A solution is to define a new password hashing method with sufficient (configurable) parallelism within one instance. We could then consider running it on GPU, unless it is GPU-unfriendly by other criteria. Do we really want to, though? GPUs in servers are not yet common, except in computing clusters. Their reliability may be lower than that of other typical server components. The drivers are currently relatively unreliable as well (although they may be reliable enough if running the same code, with no upgrades). Sure, computing clusters use them anyway, and get them to run reliably enough for their needs, but the extra hurdle and/or risk is there. Will we get embedded GPUs in typical servers soon? Will they be similar to current gamers' or HPC GPUs or not? This is not clear. Then there's Intel MIC, which delivers GPU-like performance, but is a lot closer to a CPU - it will require a lot of parallelism in the algorithm too, but it may run certain types of otherwise GPU-unfriendly code. Is this possibly a better target?

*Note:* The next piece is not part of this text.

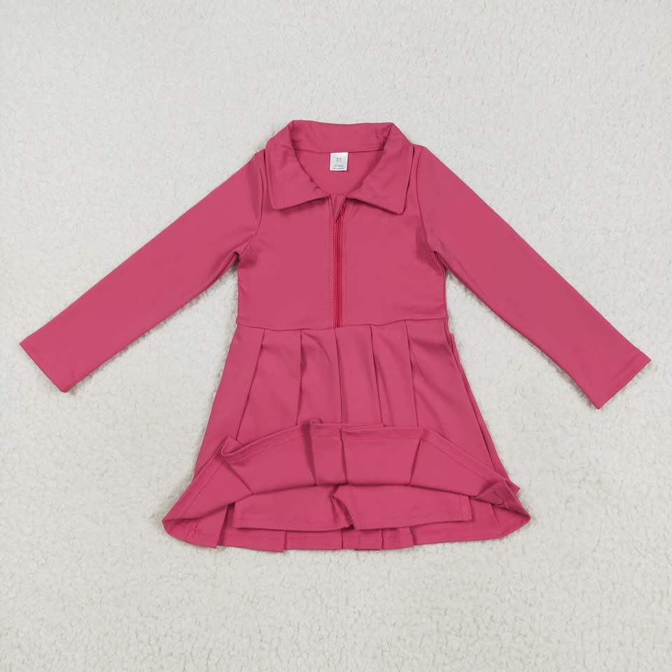 เดรสแขนยาวสำหรับเด็กผู้หญิงตัวเล็กพิมพ์ลายบูติกสีแดงทึบมีซิปตกแต่งดอกไม้สำหรับฤดูร้อน

For current GPUs, a better strategy might be to make them inefficient - by using GPU-unfriendly hashes (for cracking, and for validation as well - as a side-effect).

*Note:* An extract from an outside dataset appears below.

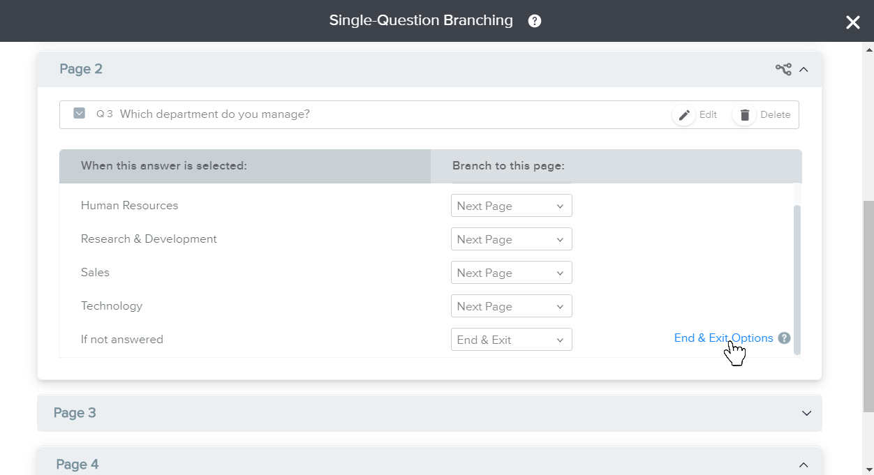 - Next to the answer option that should prompt a participant to exit from the survey, choose End & Exit from the dropdown.

We had a project last summer to research this kind of possibilities, focusing on use of FPGA boards in authentication servers. This could optionally buy us GPU-unfriendliness (if we want to make things more difficult for attackers with GPUs, but not FPGAs, and for botnets, which almost surely will lack FPGAs). We even considered some moderate CPU-unfriendliness of the component that we'd put on FPGA. Specifically, we experimented with bcrypt on FPGA, as well as with much smaller Blowfish-like "non-crypto" cores (not actual Blowfish), so that we could hopefully fit hundreds or thousands of those per chip (and have them somewhat CPU-unfriendly as well). Yuri, our GSoC 2011 student working on this project, did have some of this implemented in an experimental fashion, and some of it even worked (on FPGA boards kindly provided by Pico Computing), but an outcome of the summer project was that this would be time-consuming to bring to desired levels of performance and reliability. At that point, the project was put on hold.
A simpler and cheaper alternative (if there are only a handful of customers for this) may be to use dedicated servers, existing HSMs, or microcontrollers for just the password hashing. Indeed, microcontrollers are super slow, so their only function would be to hold and apply a local parameter, with the rest of the hashing method implemented on the host's CPU and RAM. If dedicated servers are used, they would need to be separate from authentication servers - that is, they won't know usernames, won't have access to any database, won't have any persistent storage except for the local parameter, and the OS and software indeed. They will accept password, salt, and parameters (such as the configurable per-hash processing and memory cost settings), and provide the hash. Thus, their attack surface would be minimal and they'd provide an extra layer of security against network-based attacks. We'd do this with FPGA boards as well, and we'd also have the greater/unusual computational complexity as a security layer (in case the local parameter or its backup copy is leaked/stolen), but well - using typical and pre-existing server hardware, drivers, etc. is just simpler and cheaper unless we start a new business and expect to have plenty of customers (although that might be possible).